Sant’Ambrogio’s many characters seem to treat the Caffè like a home, which is quiet now. The chef of Ciblèo (the group’s Tuscan-Asian fusion spot), now in Birkenstocks and a T-shirt, stops by the bar for a coffee. Helene, a banker who lives upstairs, sits down for her daily aperitivo. Her three-year-old French bulldogs, twins named Thelma and Louise and Cibrèo’s “mascots”, guard the door.
19:00
Customers, more of them now, are leisurely drinking negronis and eating olives on the patio. Elijah pipes out portions of mashed potatoes to stay warm for the dinner service. Jun is back, making salsa verde for anchovies.
20:36 – Close
This is the time of night that Caffè staffers call “dancing.” The servers waltz in a triangular path from the bar to pick up plates of chicken liver mousse and steak haché, to the dining area to drop them off, and to the kitchen to throw dirty tablecloths in the bin, take a deep breath, and repeat. The cooks move about their small space dexterously, plating one hot pan of pork neck while putting another cold pan in its place. Jun sings “Take Me Home, Country Roads” while slicing roast beef.

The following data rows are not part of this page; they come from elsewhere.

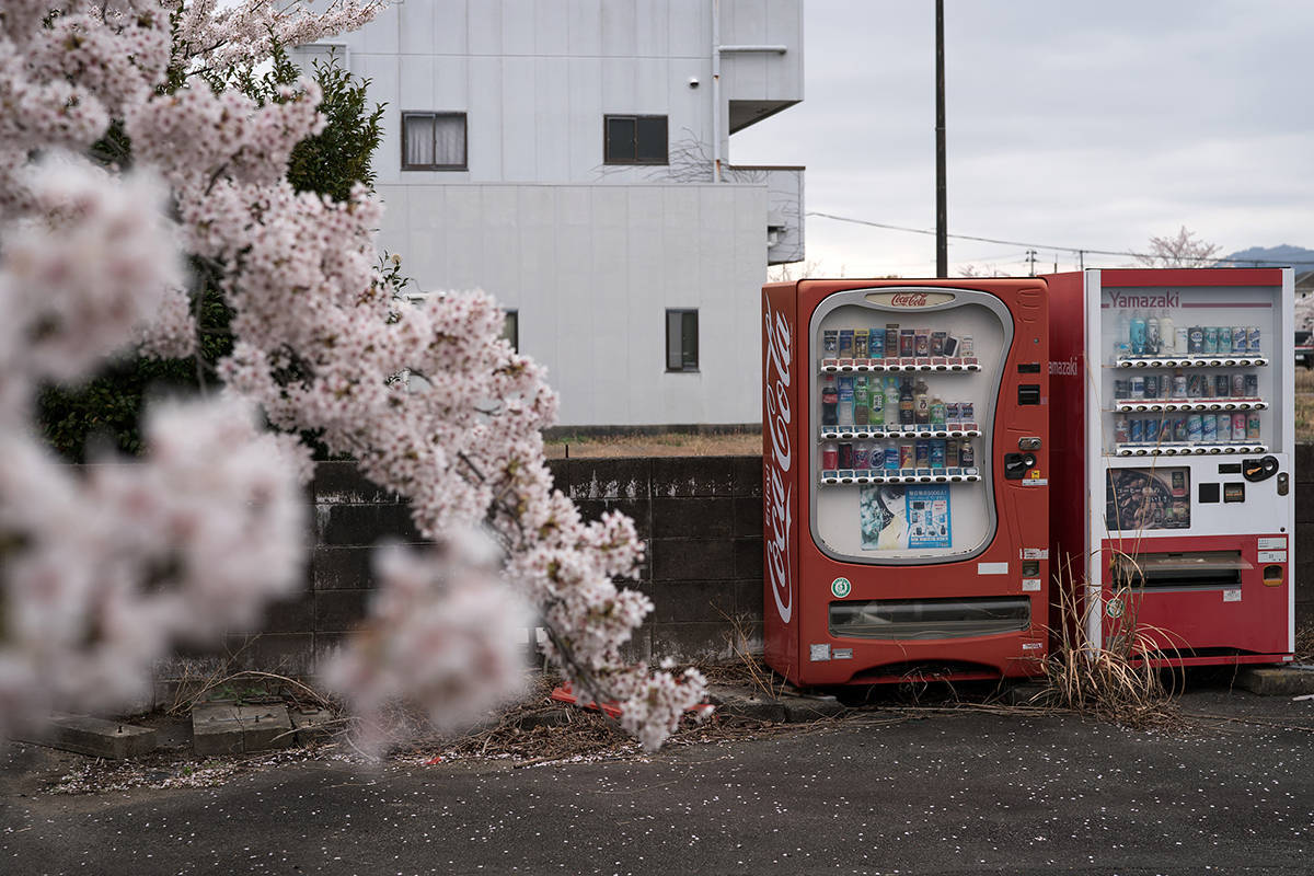 当地时间2023年4月2日,日本福岛富冈,樱花树旁废弃的自动售货机。
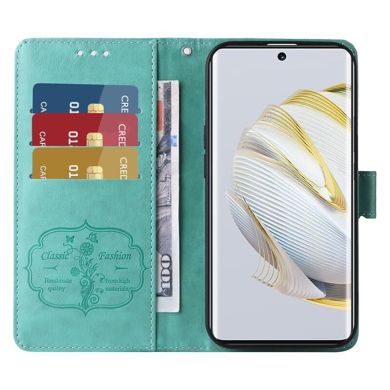 Θήκη τηλεφώνου δερμάτινη με ανάγλυφα λουλούδια και πεταλούδες για Huawei nova 10 (Μωβ)
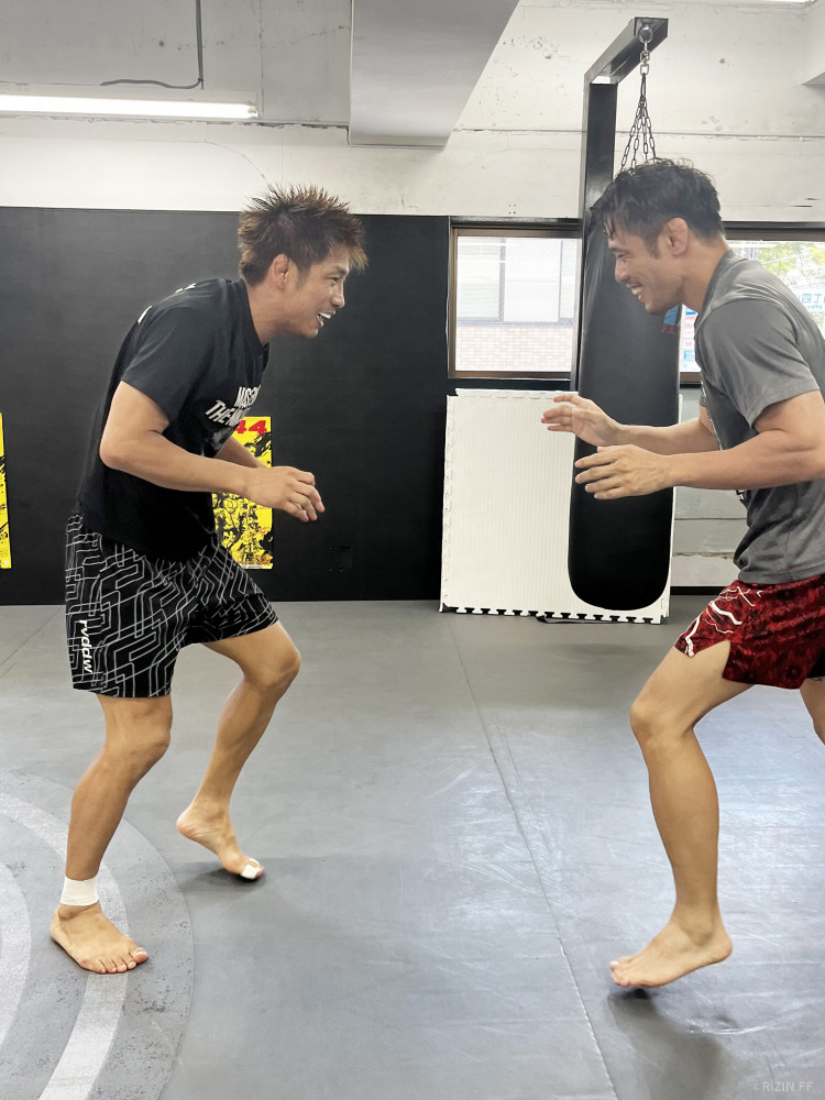 ヤマニハ戦に向け、金原(右)と公開練習する所(今月12日)

When one group gets up, another is ushered in. The customer mix seems to be about 50/50 locals and foreigners. A young, tattooed Italian couple hugs aggressively by the doorway. Americans in floral dresses excitedly take pictures of their tortelloni.
“We are trasversale, not exclusive,” Giulio says about Cibrèo. The group still operates under Fabio’s belief that wherever people come from, they want the same basic things in life, especially at the table.
If that egalitarian spirit goes, James mused earlier, “Cibrèo will just be another café that will compete with other cafés. If it stays, it’s not competing with anybody, because there’s nothing else like it.”
***
If you’ve made it this far, here’s a secret for you: Go to Cibrèo often enough to make friends with Giulio, and you’ll be the lucky recipient of a dessert the pastry chefs only make on occasion—a life-changing cheesecake with red wine poached pears.